◆ **Task description**: Please output the full listing, character for character.

================

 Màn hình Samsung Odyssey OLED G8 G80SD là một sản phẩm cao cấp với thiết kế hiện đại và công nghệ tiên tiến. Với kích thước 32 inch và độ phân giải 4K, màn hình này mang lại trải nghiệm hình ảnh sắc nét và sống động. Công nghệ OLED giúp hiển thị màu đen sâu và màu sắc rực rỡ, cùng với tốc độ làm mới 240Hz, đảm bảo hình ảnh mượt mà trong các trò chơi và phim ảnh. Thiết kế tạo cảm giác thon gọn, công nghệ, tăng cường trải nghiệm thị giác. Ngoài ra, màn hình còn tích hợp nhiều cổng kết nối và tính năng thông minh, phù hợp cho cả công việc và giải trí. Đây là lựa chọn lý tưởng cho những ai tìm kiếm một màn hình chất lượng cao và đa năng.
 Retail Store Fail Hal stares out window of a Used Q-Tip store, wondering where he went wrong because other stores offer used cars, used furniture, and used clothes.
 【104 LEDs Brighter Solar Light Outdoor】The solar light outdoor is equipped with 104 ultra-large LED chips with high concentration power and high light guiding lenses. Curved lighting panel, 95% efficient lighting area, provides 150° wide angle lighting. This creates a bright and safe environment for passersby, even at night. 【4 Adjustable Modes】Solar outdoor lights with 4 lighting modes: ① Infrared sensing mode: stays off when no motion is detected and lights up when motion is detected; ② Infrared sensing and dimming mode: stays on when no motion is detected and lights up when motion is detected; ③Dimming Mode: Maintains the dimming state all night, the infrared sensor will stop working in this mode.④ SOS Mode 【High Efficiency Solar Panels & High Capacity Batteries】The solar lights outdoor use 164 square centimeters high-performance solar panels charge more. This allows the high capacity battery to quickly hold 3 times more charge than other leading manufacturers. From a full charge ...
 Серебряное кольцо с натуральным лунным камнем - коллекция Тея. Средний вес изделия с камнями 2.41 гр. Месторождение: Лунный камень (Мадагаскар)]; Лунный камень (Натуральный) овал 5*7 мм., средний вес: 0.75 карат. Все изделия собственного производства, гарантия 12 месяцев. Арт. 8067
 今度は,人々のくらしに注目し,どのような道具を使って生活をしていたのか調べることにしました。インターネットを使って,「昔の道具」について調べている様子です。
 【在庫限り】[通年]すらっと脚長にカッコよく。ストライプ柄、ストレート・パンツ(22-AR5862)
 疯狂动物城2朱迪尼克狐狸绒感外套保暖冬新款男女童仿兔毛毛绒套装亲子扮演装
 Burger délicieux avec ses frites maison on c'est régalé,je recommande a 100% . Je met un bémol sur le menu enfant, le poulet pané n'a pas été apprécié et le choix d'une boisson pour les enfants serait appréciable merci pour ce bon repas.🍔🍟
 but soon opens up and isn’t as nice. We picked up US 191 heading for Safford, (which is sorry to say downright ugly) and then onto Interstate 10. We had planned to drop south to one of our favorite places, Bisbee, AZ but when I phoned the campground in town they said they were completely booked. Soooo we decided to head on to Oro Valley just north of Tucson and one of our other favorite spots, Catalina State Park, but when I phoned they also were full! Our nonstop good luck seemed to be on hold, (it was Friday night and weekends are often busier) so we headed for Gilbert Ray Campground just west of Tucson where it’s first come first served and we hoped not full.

================

◆ **Written response**:
 Màn hình Samsung Odyssey OLED G8 G80SD là một sản phẩm cao cấp với thiết kế hiện đại và công nghệ tiên tiến. Với kích thước 32 inch và độ phân giải 4K, màn hình này mang lại trải nghiệm hình ảnh sắc nét và sống động. Công nghệ OLED giúp hiển thị màu đen sâu và màu sắc rực rỡ, cùng với tốc độ làm mới 240Hz, đảm bảo hình ảnh mượt mà trong các trò chơi và phim ảnh. Thiết kế tạo cảm giác thon gọn, công nghệ, tăng cường trải nghiệm thị giác. Ngoài ra, màn hình còn tích hợp nhiều cổng kết nối và tính năng thông minh, phù hợp cho cả công việc và giải trí. Đây là lựa chọn lý tưởng cho những ai tìm kiếm một màn hình chất lượng cao và đa năng.
 Retail Store Fail Hal stares out window of a Used Q-Tip store, wondering where he went wrong because other stores offer used cars, used furniture, and used clothes.
 【104 LEDs Brighter Solar Light Outdoor】The solar light outdoor is equipped with 104 ultra-large LED chips with high concentration power and high light guiding lenses. Curved lighting panel, 95% efficient lighting area, provides 150° wide angle lighting. This creates a bright and safe environment for passersby, even at night. 【4 Adjustable Modes】Solar outdoor lights with 4 lighting modes: ① Infrared sensing mode: stays off when no motion is detected and lights up when motion is detected; ② Infrared sensing and dimming mode: stays on when no motion is detected and lights up when motion is detected; ③Dimming Mode: Maintains the dimming state all night, the infrared sensor will stop working in this mode.④ SOS Mode 【High Efficiency Solar Panels & High Capacity Batteries】The solar lights outdoor use 164 square centimeters high-performance solar panels charge more. This allows the high capacity battery to quickly hold 3 times more charge than other leading manufacturers. From a full charge ...
 Серебряное кольцо с натуральным лунным камнем - коллекция Тея. Средний вес изделия с камнями 2.41 гр. Месторождение: Лунный камень (Мадагаскар)]; Лунный камень (Натуральный) овал 5*7 мм., средний вес: 0.75 карат. Все изделия собственного производства, гарантия 12 месяцев. Арт. 8067
 今度は,人々のくらしに注目し,どのような道具を使って生活をしていたのか調べることにしました。インターネットを使って,「昔の道具」について調べている様子です。
 【在庫限り】[通年]すらっと脚長にカッコよく。ストライプ柄、ストレート・パンツ(22-AR5862)
 疯狂动物城2朱迪尼克狐狸绒感外套保暖冬新款男女童仿兔毛毛绒套装亲子扮演装
 Burger délicieux avec ses frites maison on c'est régalé,je recommande a 100% . Je met un bémol sur le menu enfant, le poulet pané n'a pas été apprécié et le choix d'une boisson pour les enfants serait appréciable merci pour ce bon repas.🍔🍟
 but soon opens up and isn’t as nice. We picked up US 191 heading for Safford, (which is sorry to say downright ugly) and then onto Interstate 10. We had planned to drop south to one of our favorite places, Bisbee, AZ but when I phoned the campground in town they said they were completely booked. Soooo we decided to head on to Oro Valley just north of Tucson and one of our other favorite spots, Catalina State Park, but when I phoned they also were full! Our nonstop good luck seemed to be on hold, (it was Friday night and weekends are often busier) so we headed for Gilbert Ray Campground just west of Tucson where it’s first come first served and we hoped not full.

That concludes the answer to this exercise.